Basically we are sending a JSON message over CDC from Host to ESP32 (Downstream), a message is reported upstream, you can also see tha we are using the RMT peripheral at the same time (I don't know if that can be related). When message 2196252184 is sent, the Flush failed issue is triggered. However the reply for 2196252184 seems to be correctly sent to the host since the host does not retry to send the message. After that, the host sends a new message 672158606 that never receives a reply and that is why it is re-sent many times.
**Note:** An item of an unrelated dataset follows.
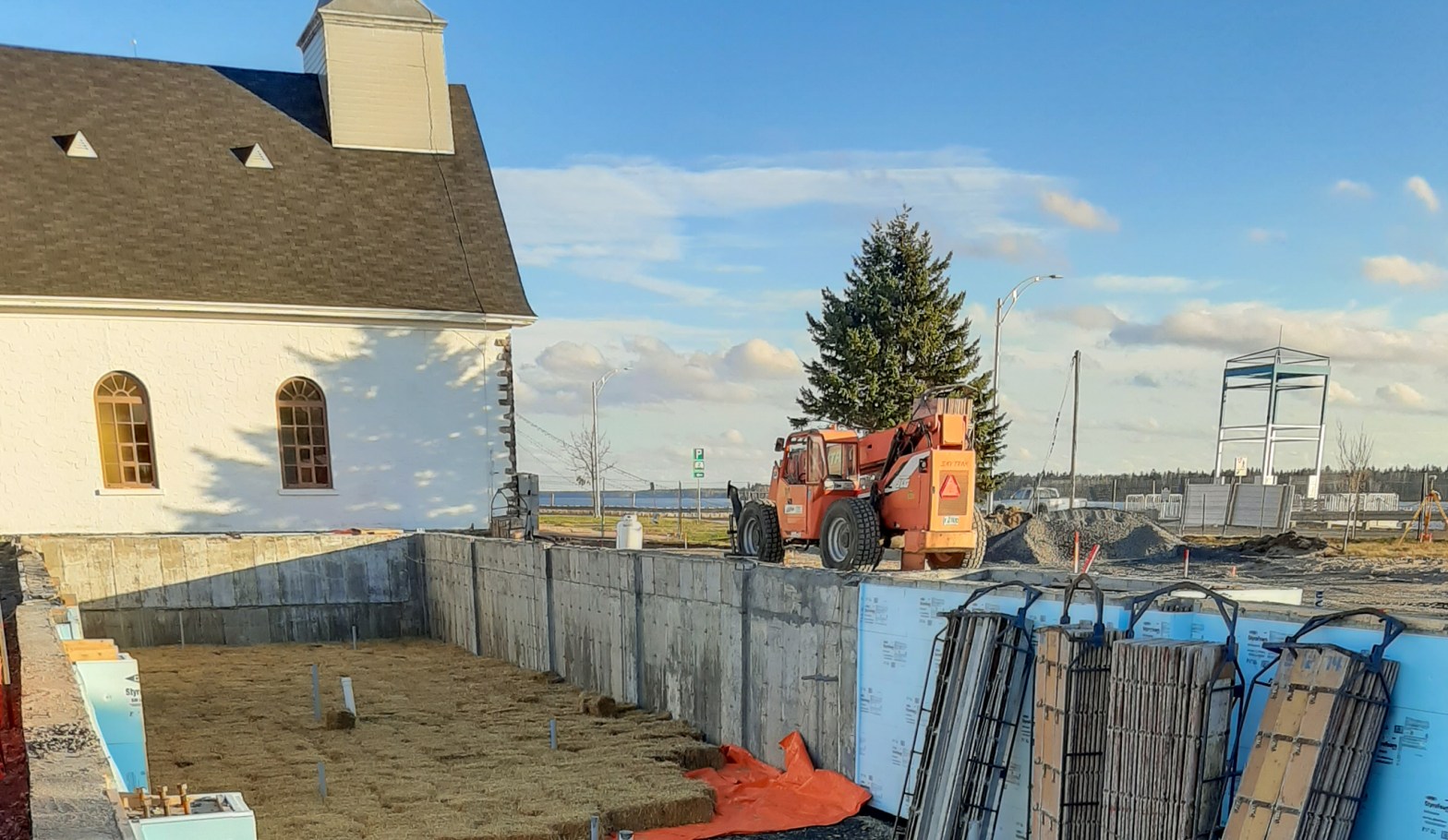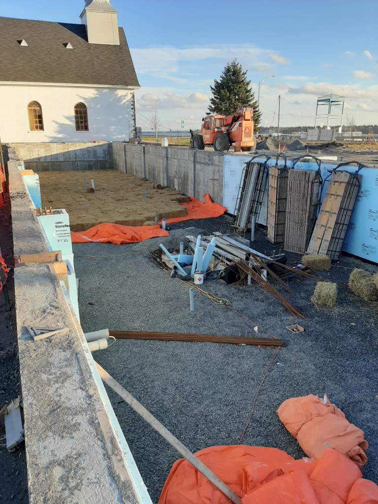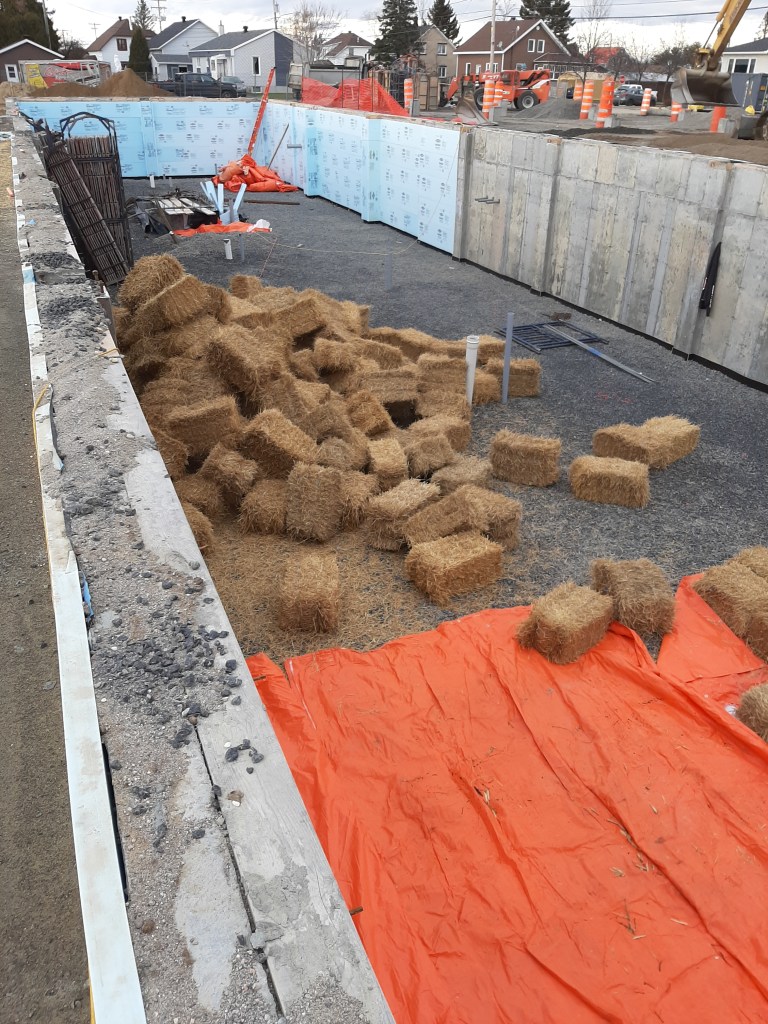 Considérant l’échéancier des travaux, le sous-sol devra demeurer à l’air libre une bonne partie de l’hiver en attendant que la structure soit érigée et que les murs et la toiture soient construits. Par souci d’économie de coût de chauffage, il a donc été convenu d’isoler le sol avec de la paille, un élément isolant efficace, recyclable et abordable qui, combinée avec des toiles isolantes et éventuellement de la neige, assurera une isolation adéquate et ce, sans chauffage. Des thermomètres seront installés pour vérifier la température du sol à tout moment. La paille provient d’agriculteurs locaux et sert normalement à créer des zones de confort pour les animaux des différentes fermes de la région. Il faut se rappeler qu’à une certaine époque, elle servait également à isoler des bâtiments. Lorsque le reste de l’ouvrage sera érigé et chauffé adéquatement, l’ensemble des balles de pailles pourront être retirées et retournées aux agriculteurs. La dalle de béton du sous-sol pourra alors être coulée avec un climat tempéré à l’intérieur et les travaux se poursuivront jusqu’au printemps.

Can you see something wrong in our callback? Not sure if you shared the new version of the examples already. Also, we did some modifications to the esp_tinyusb component to support USB audio, do you know if it is in the roadmap to officially support that feature anytime soon?

Thanks again and sorry for the late feedback.

peter-marcisovsky commented 3 months ago

Hi @StevenMacias sorry to hear that the issue has not been resolved. Could first try to modify your callback according to the as-promised tusb_serial_device example update here

Is there any reason, why are you using timeout other than 0 in your tinyusb_cdcacm_write_flush function? Does the tinyusb_cdcacm_write_flush return any error?

Regarding the audio support. We just released our UAC driver (USB Host side) here. The USB Device side is not a priority right now for us.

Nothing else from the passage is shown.